To be safe you need to use memory synchronisation or locks to ensure memory gets read/written in the correct order.
In this code, you would need to use a read synchronisation barrier before you read syncToken and a write synchronisation barrier before you write it.
Using the write synchronisation ensures that all memory updates up to that point are visible to main memory before any updates afterwards are - so that the_vector is appropriately updated before syncToken is set to one.
Using the read synchronisation before you read syncToken will ensure that what is in your cache will be correct with main memory.
Generally this can be rather tricky to get right, and you'd be better off using mutexes or semaphores to ensure the synchronisation, unless performance is very critical.
As noted by Anders, the compiler is still free to re-order access to syncToken with accesses to the_vector (if it can determine what these functions do, which with std::vector it probably can) - adding memory barriers will stop this re-ordering. Making syncToken volatile will also stop the reordering, but it won't address the issues with memory coherency on a multicore system, and it won't allow you to safely do read/modify/writes to the same variable from 2 threads.
Short answer: No, this example is not properly synchronized and will not (always) work.
For software it is generally understood that working sometimes but not always is the same thing as broken. Now, you could ask something like "would this work for synchronizing an interrupt controller with the foreground task on an ACME brand 32-bit micro-controller with XYZ compiler at optimization level -O0" and the answer might certainly be yes. But in the general case, the answer is no. In fact, the likelihood of this working in any real situation is low because the intersection of the "uses STL" and "simple enough hardware and compiler to just work" is probably empty.

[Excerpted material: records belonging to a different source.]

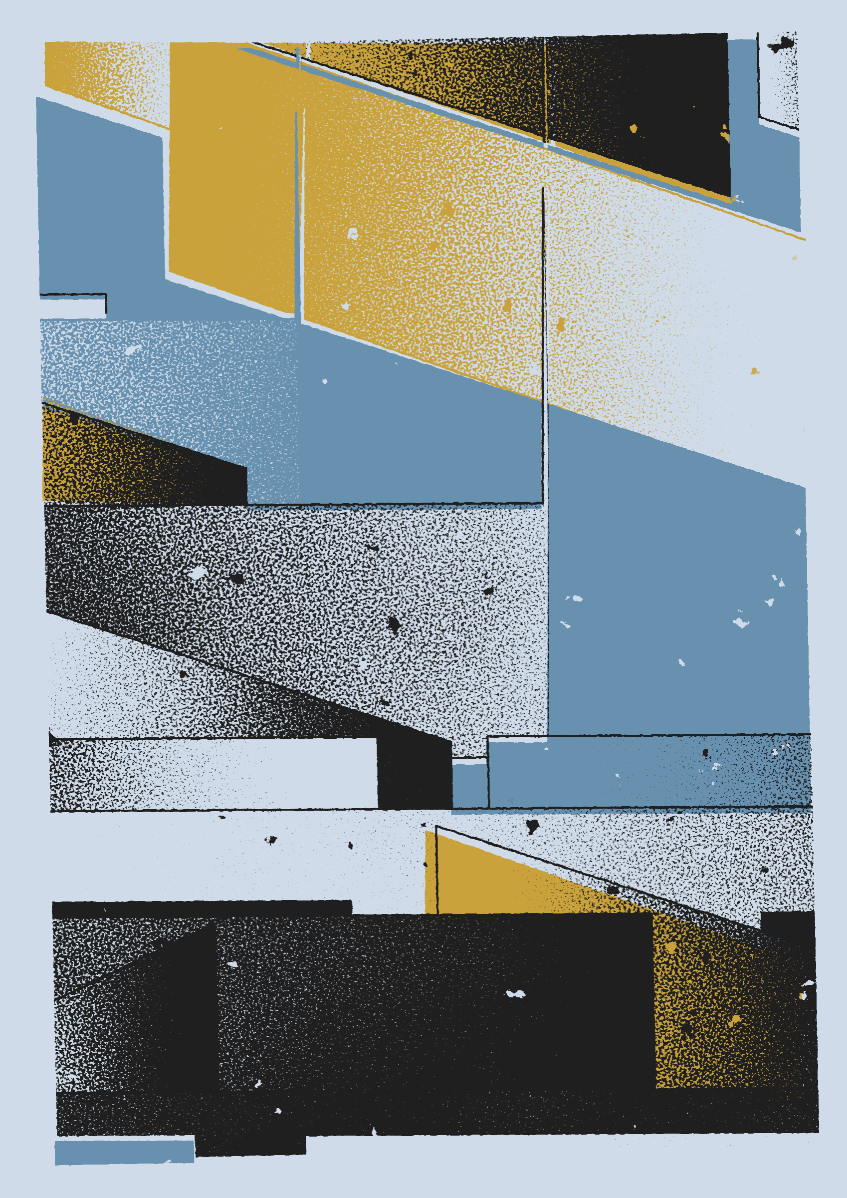 The generative system underlying the rendering mimics the screen printing process by rendering and applying a single color at a time to a master image. Each virtual screen may be more or less aligned with the master, creating a lovely flawed balance to the precision of the rendered geometry.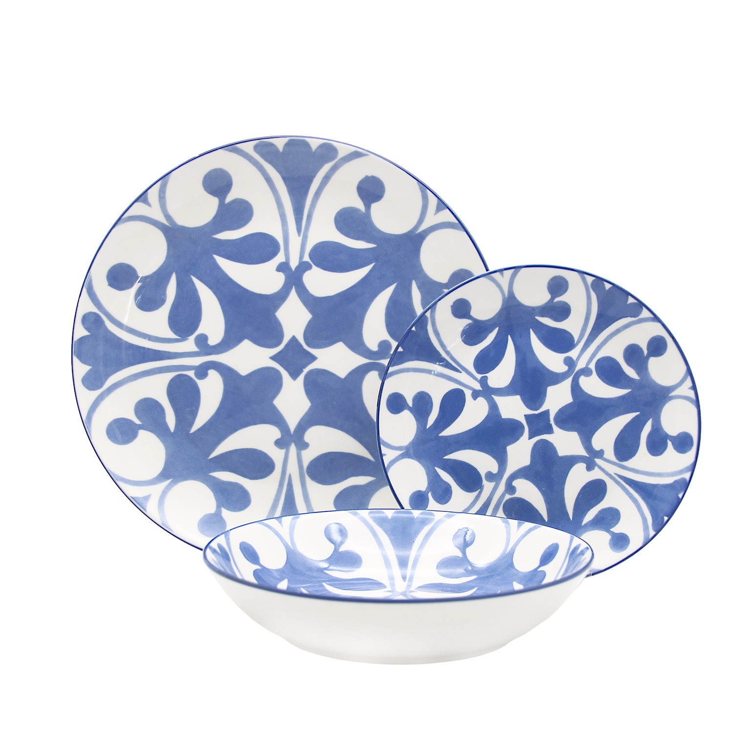 Ce set comprend 6 assiettes plates de 26,5 cm, 6 assiettes creuses de 23 cm et 6 assiettes à dessert de 19 cm, offrant une solution complète pour tous types de repas.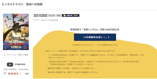 そして、映画「ヒックとドラゴン 聖地への冒険」はツタヤディスカスで配信しているので、無料でDVDレンタルが可能です。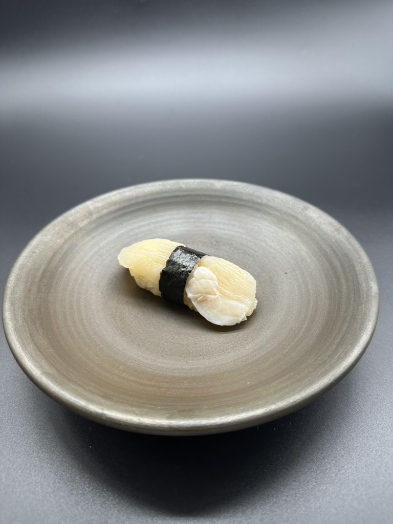 職人が施す手仕事 ① 下処理 殻開け:大型の殻を専用のヘラでこじ開け、柱(貝柱)を丁寧に外す。 内臓処理:黒い外套膜やヒモ部分を除去。食用になるのは柱の部分が中心。 ② 下味・仕立て 生:透明感ある甘味と心地よい歯ごたえをそのまま活かす。 炙り:... -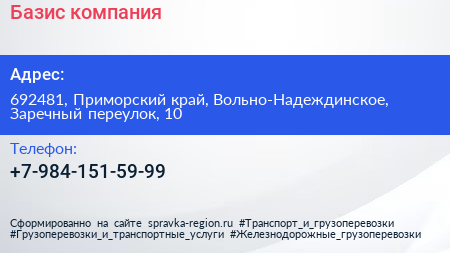 Базис, компания по адресу 692481, Приморский край, Вольно-Надеждинское, Заречный переулок, 10 в дальнейшем Организация, размещена в следующих категориях: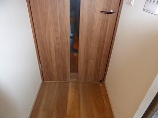 離れの出っ張った洗面・洗濯場を中から見たところ。右側が玄関です。ドア枠の下が傷んでいます。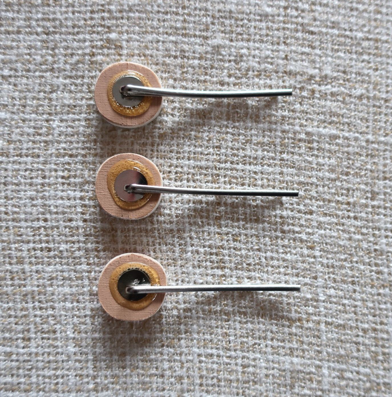 Das Set besteht aus 3 silberfarbenen Haarpins mit verschiedenen Smileys aus Birkensperrholz. Die Pins sind ungefähr 5 cm lang.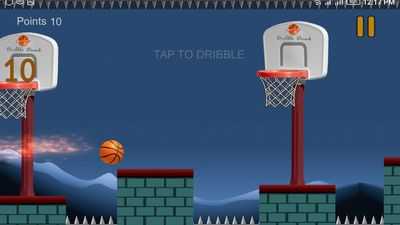 Нажимайте на экран, чтобы вести мяч в сторону кольца, избегая при этом шипов, которые могут замочить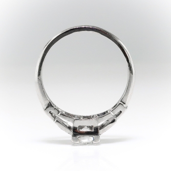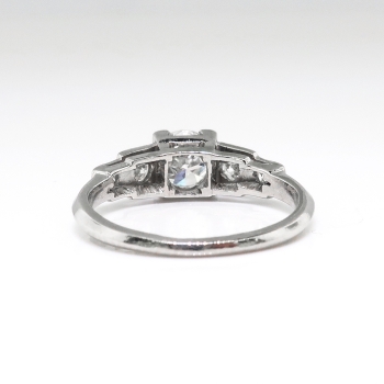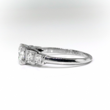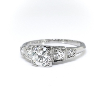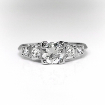 Dazzle her with this platinum and diamond engagement ring, of hand-made construction. The ring holds a round brilliant cut diamond set in a four-prong illusion mounting, flanked by four smaller round brilliant cut diamonds bead-set within square, millegrain-edged mountings, on a knife-edge shank which measures from 1.20 to 2.44 mm in width. The center diamond is SI2 in clarity, E-F in color, measures approximately 4.98 – 5.01 x 3.08 mm, and weighs approximately .47 carats. The four smaller diamonds are VS2-SI2 in clarity, F-G in color, measure from approximately 1.98 to 2.54 mm in diameter, weigh from approximately .03 to .06 carats each, and have an approximate total weight of .18 carats. A total carat weight of approximately .65. The ring is stamped “10% IRID.PLAT” and is currently a size 4.25. The ring rises about 4.8 mm off the finger. Total weight: 2.8 grams. Jewelry Finds® additional sizing up or down will be determined on a case by case basis so please inquire :). Ring re-sizing takes an additional 3-7 business days by a third party Master Jeweler. I will be more than happy to email this piece's current certified and guaranteed retail replacement appraisal upon completion of sale, just ask! Questions are welcomed on Ring-2170.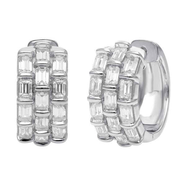 Geometric Diamond Pave Hoop Earrings in White Gold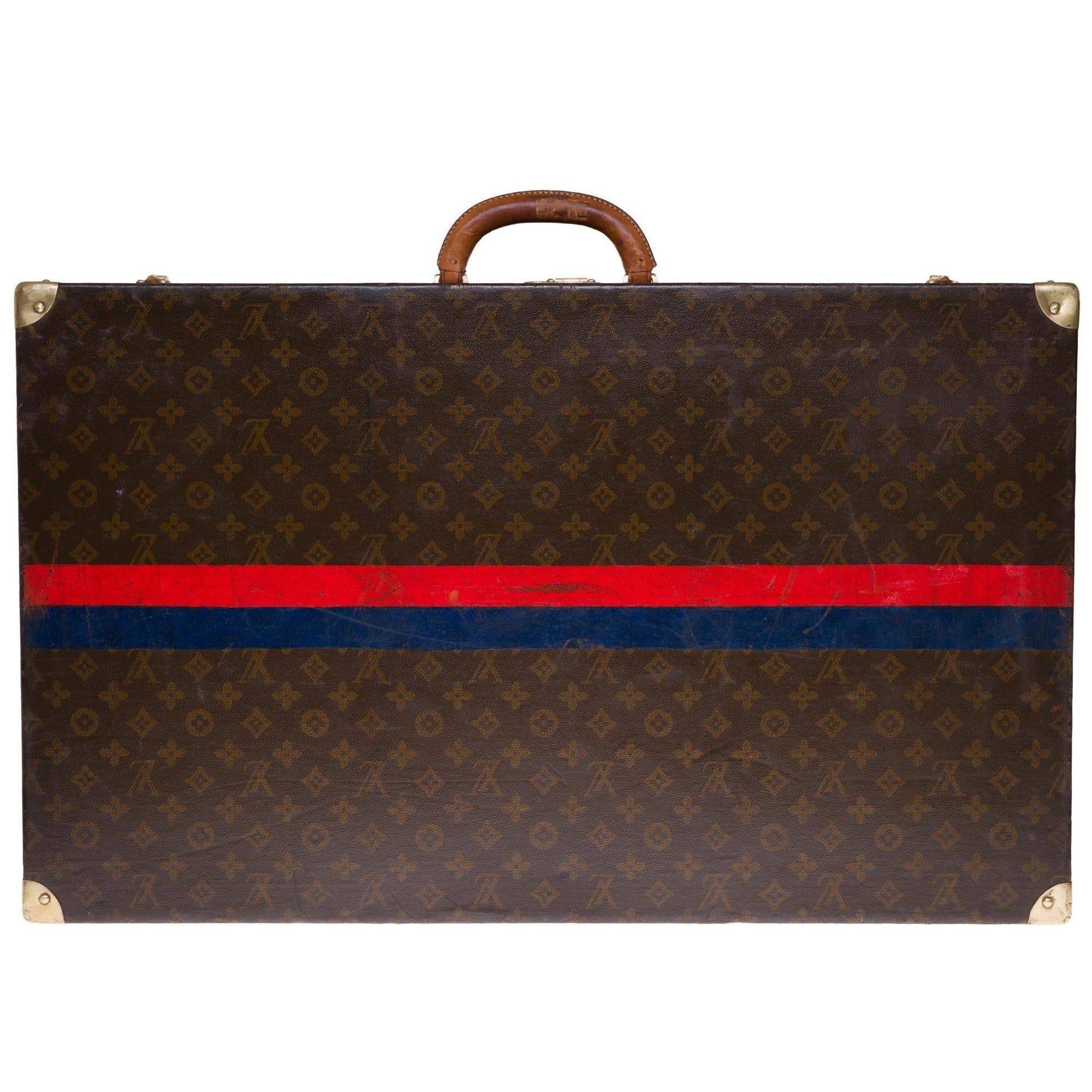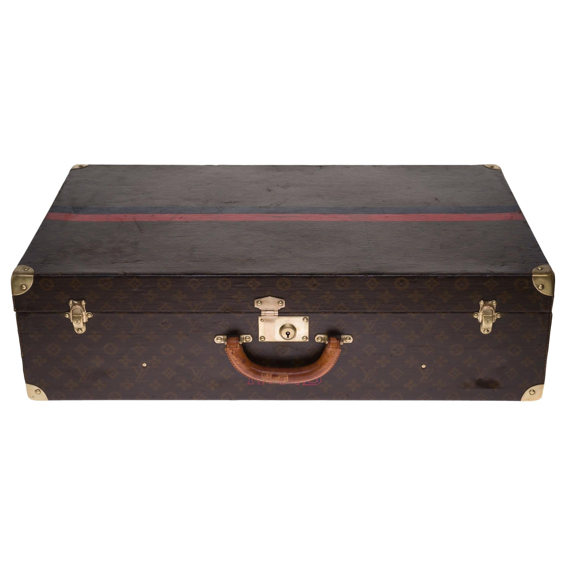 Beautiful decorative and collectible object: Louis Vuitton Suitcase 75cm in monogram canvas, label with serial number, brass hardware, natural leather handle allowing a handstand.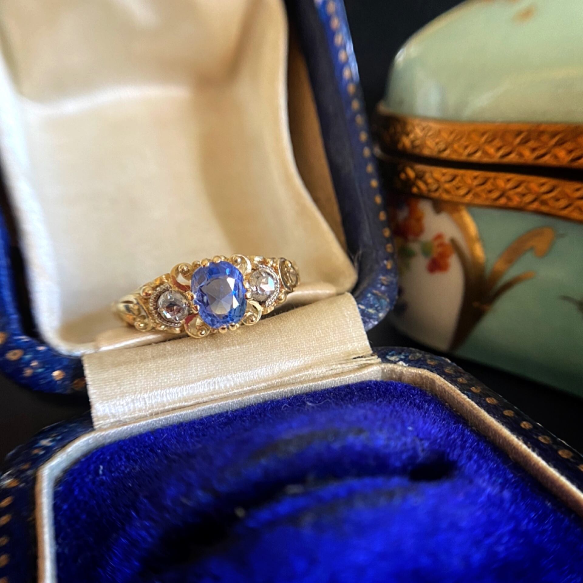 ナポレオン三世第二帝政期ナチュラルサファイア&ダイヤモンドリング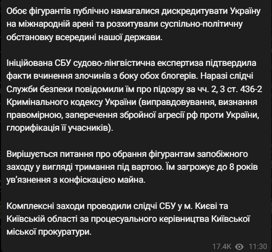 "По материалам дела, после начала полномасштабной войны фигурант создал свой канал на видеохостинге Ютуб, где продолжил распространять нарративы Кремля. Для этого блогер регулярно приглашал на свои эфиры пророссийских "политэкспертов", значительная часть из которых сейчас скрывается в РФ", - говорится в сообщении.

As other comments/answers have stated, it is also technically Undefined Behavior (UB). Real implementations are free to make UB work properly too. So just because it is not "standard" it may still work, but it will not be strictly conforming or portable. Whether it works depends on the exact situation, based heavily on the processor and the compiler, and perhaps also the OS.
What works
As your (code) comment implies, it is very possible that data will be dropped so this is presumed to be intentional. This example will have poor performance because the only time the vector needs to be "locked" is just when data is being added, removed, or length tested. However reader_thread() owns the vector until it is done testing, removing and processing all of the items. This is longer than desired, so it is more likely to drop data than it otherwise would need to be.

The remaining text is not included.